Thought intrusion and avoidance were reported to be significant influences on levels of anxiety, depression, distress and quality of life. Meta-analysis of associations between the Impact of Events Scale and distress yielded highly significant, small effect sizes. Illness perceptions and cognitive appraisals
(including, for example, threat, challenge, perceived severity and so forth) were, on the whole significantly associated with both psychological outcome (four studies p<.05; two studies p>.05) and quality of life (nine studies p<.05). Self blame was significantly associated with both depression and distress: a meta-analysis for the latter revealed a small, but highly significant effect size (p<.001) where self blame leads to poorer outcome. According to Butow et al. (1999) and Brown et al.
(2000), the importance and reported significance of these cognitive variables is that they are not only measures of cognition, but also an indication of positive dimensions of personality.

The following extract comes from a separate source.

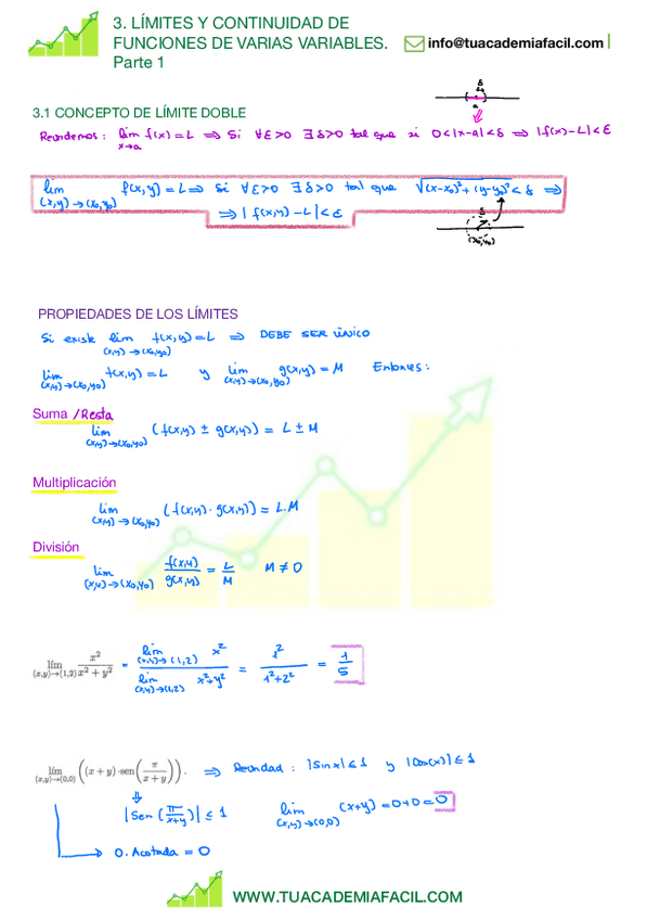 He publicado nuevos apuntes de 1º Matemáticas Para la Economía: Cálculo: 3.-LIMITES-Y-CONT-DE-VARIAS-VARIABLES.-PARTE-1.pdf
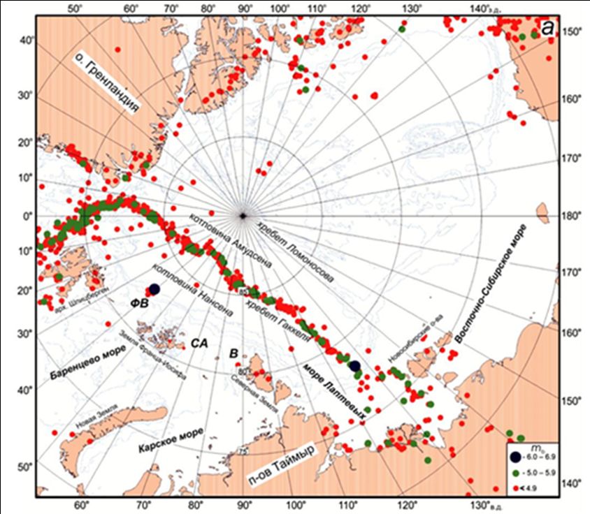 Рис. 3. Эпицентры землетрясений Центрально-Арктического бассейна Северного Ледовитого океана и его обрамления [30]

Confrontational attitudes towards illness were found to be significantly beneficial for both quality of life and anxiety. Meta-analysis of the sub-components of the MAC scale yielded highly significant, small effect sizes between all
components and both anxiety and depression; where better outcome was
associated with lower hopelessness/helplessness, lower anxious preoccupation, lower fatalistic appraisals, and increased levels of fighting spirit Incongruent findings were reported between MAC components and quality of life, but a small effect size (p<.001) was found in meta-analysis of the relationship between fatalism and quality of life.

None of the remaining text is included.